**Task prompt:**
Would you repeat the whole listing exactly, pictures excluded?

**Dataset content:**
----------------
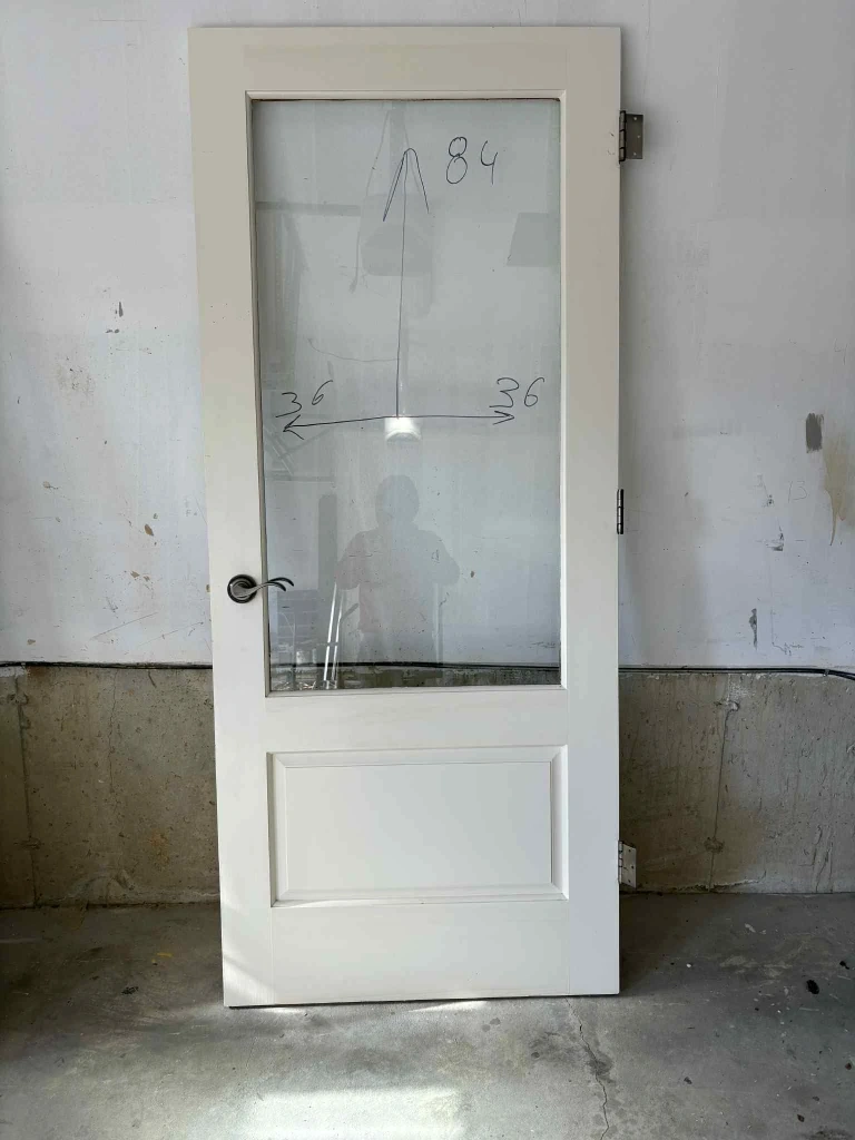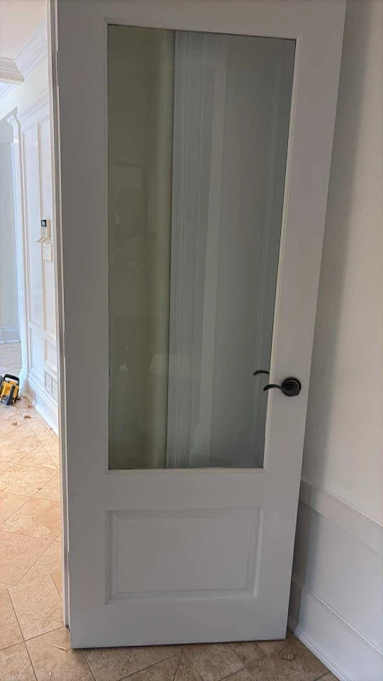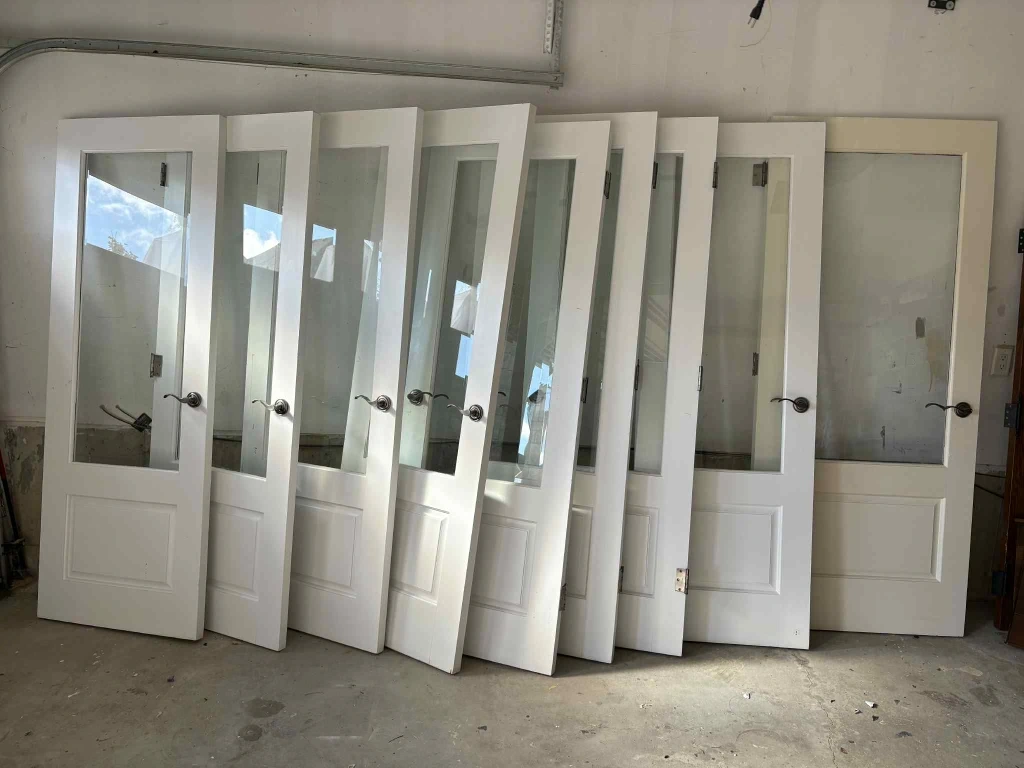 Selling a set of white solid wood interior doors, each featuring a glass panel. They come with a handle installed. Great for adding a touch of elegance to any room!
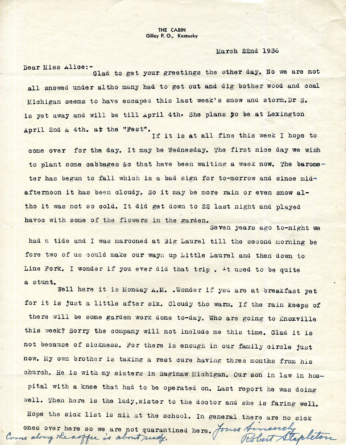 [stapleton_ida_r_1925_105.jpg] March 22, 1936. To “Miss Alice [Cobb]” from Robert Stapleton on letterhead stationery for “The Cabin.” Stapleton hopes to visit PMSS soon for a day. “Seven years ago tonight we had a tide and I was marooned at Big Laurel til the second morning before two of us could make our way up Little Laurel and then down to Line Fork. I wonder if you ever did that trip. It used to be quite a stunt.”
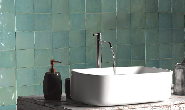 Türkisgrüne spanische Wandfliese der Serie Atlas im Format 10x10 cm. Die Fliesen sind leicht unregelmäßig hergestellt. Die Oberfläche ist leicht gewellt und glänzend.
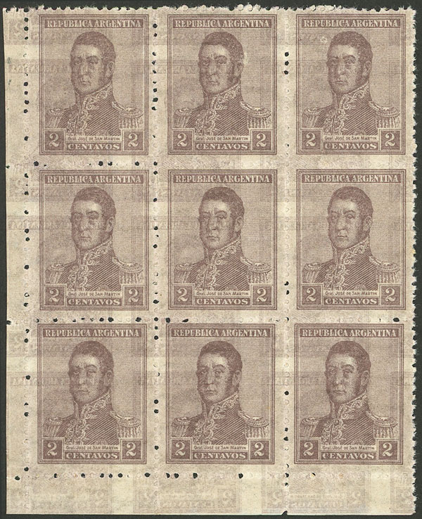 1917 2c. San Martín with DOUBLE IMPRESSION variety, fantastic MNH block of 9 (+50%), superb and spectacular! (Image)
----------------
**Answer box:**
 Selling a set of white solid wood interior doors, each featuring a glass panel. They come with a handle installed. Great for adding a touch of elegance to any room!
 [stapleton_ida_r_1925_105.jpg] March 22, 1936. To “Miss Alice [Cobb]” from Robert Stapleton on letterhead stationery for “The Cabin.” Stapleton hopes to visit PMSS soon for a day. “Seven years ago tonight we had a tide and I was marooned at Big Laurel til the second morning before two of us could make our way up Little Laurel and then down to Line Fork. I wonder if you ever did that trip. It used to be quite a stunt.”
 Türkisgrüne spanische Wandfliese der Serie Atlas im Format 10x10 cm. Die Fliesen sind leicht unregelmäßig hergestellt. Die Oberfläche ist leicht gewellt und glänzend.
 1917 2c. San Martín with DOUBLE IMPRESSION variety, fantastic MNH block of 9 (+50%), superb and spectacular! (Image)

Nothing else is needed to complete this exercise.